Civilization moves in epochs. In each epoch, the rules of competition are different. What drives the global civilization today is economic centralization, and the aristocrats of this drive are the bankers. The merchant, the industrialist, the soldier, the teacher and the mullah are all beholden to the banker, and more specifically, to the global credit system.
There is a great deal written about interest and usury by Muslim scholars. It is a complex issue and continues to be the subject of much controversy. There is always the risk of oversimplification because modern banks discharge a variety of services and cannot be lumped into one category. Nonetheless, in the caldron of global ideas, the Muslim point of view about usury must be put forth as clearly as possible so that one may evaluate it on its merits. Islam maintains that usury is debilitating to civilization. It saps the strength of individuals and nations, encourages greed, and discourages trade. It works in the direction of economic centralization, makes the rich richer and the poor poorer, creates instability in the society and ultimately destroys it. (“Those who devour usury will not stand except as stands one whom Satan by his touch has driven to madness”, Qur’an, 2:275-276)
Another way to state the Islamic position is that zero interest is the best guarantor of sustained economic growth. Islam is not the only religion that looks askance at usury. The Christian church also frowned upon usury in medieval times.
Interest and usury are not new to the modern age. They have been practiced in practically every civilization from times immemorial. In India, the village moneylender has been known for ages. The function of these intermediaries in the cycle of trade and commerce was well understood and accepted. In the village milieu, the moneylender provided liquidity to the poor farmers who offered gold and silver jewelry as collateral. A discount rate was agreed upon between the lender and the borrower. Since the borrower was usually in dire need of cash, the discount rate was exorbitant, sometimes as high as 8% per month. More often than not, the farmer was unable to pay the interest, and lost his jewelry to the lender within a year. The difference in the value of the jewelry and the original amount lent was the “profit” made by the lender. This “profit” was about one hundred per cent per year!
In the Byzantine world, where trade routes from many nations crossed, moneychangers were active in the temples down to the times of Jesus. Their primary function was to buy and sell currencies from the various kingdoms depending on the amount of precious metal in the currency. A discount was applied to the transactions. The moneychanger also provided cash at interest to merchants against the collateral of their goods. If the merchant was successful, he paid back the loan; if he was not, he forfeited his goods to the moneylender.

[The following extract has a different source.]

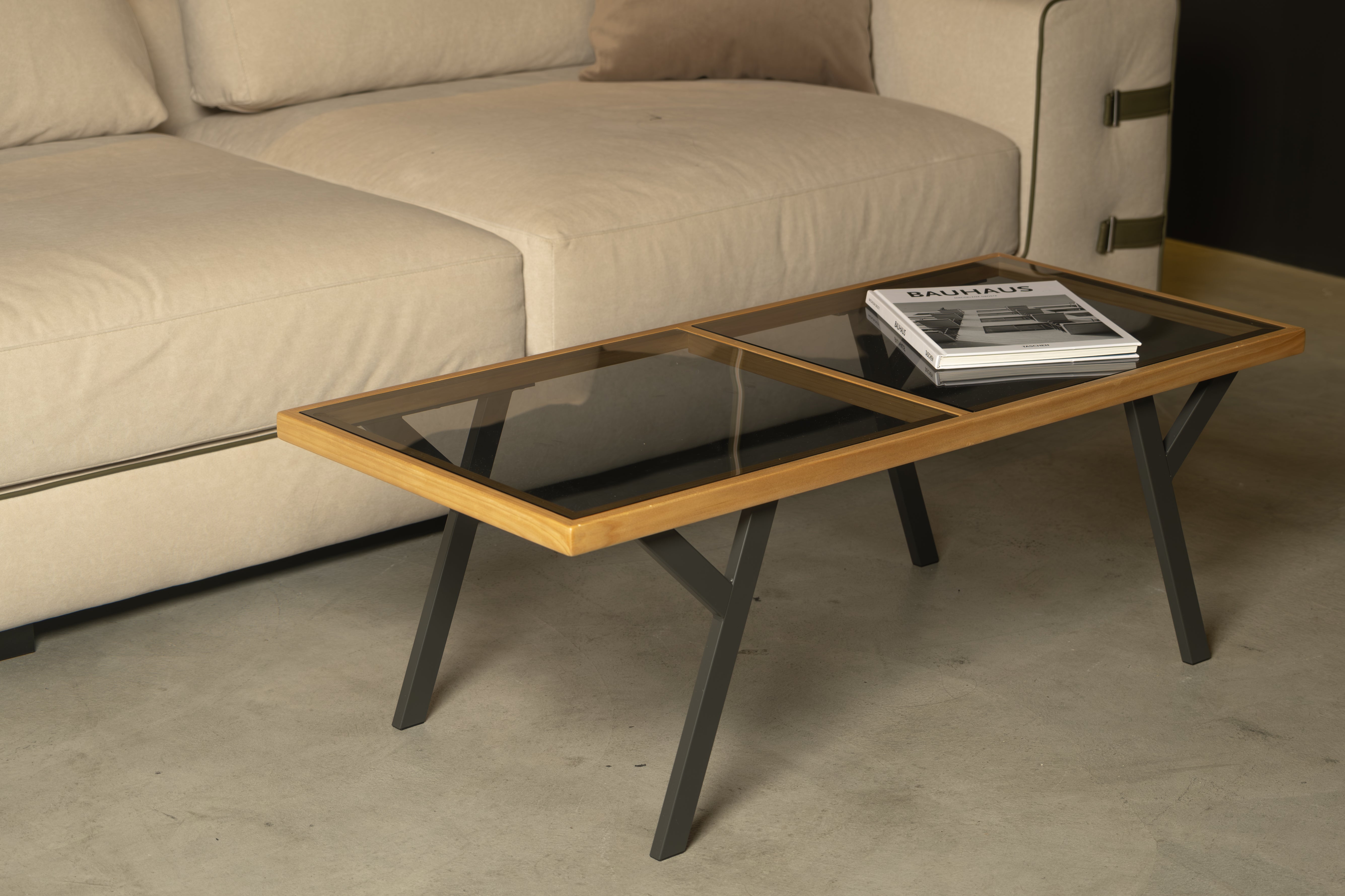 Much like its namesake, the Gossima Coffee Table is designed with this same spirit of gathering and interaction. The rectangular wood frame, strong yet refined, and the two sleek glass panels echo the balance of tradition and modernity. This table, though contemporary in form, carries the essence of those early parlor games—a space where conversation flows easily, and moments of connection are made.

From the perspective of Islamic history, an understanding of the role of interest takes on importance because the economic institutions that grew up in Europe in the 18th and 19th centuries accumulated further clout in the 20th century, and came to dominate the globe. The issue transcends the Islamic world, and affects it only because it is now a part of a global community of poorer nations. Whether it is coffee, coconut, spices or oil, the international banks have a major influence on the economic sinews of the world. Interest payments are a major factor in the enormous flow of capital from the poorer countries of the world to the richer nations. In our own times, between the years 1980 and 1990, no less than 1.3 trillion US dollars were transferred from the poorer countries to the richer countries. The interest economy rules the world, and whether the mullah or the alim likes it or not, he is a part of it.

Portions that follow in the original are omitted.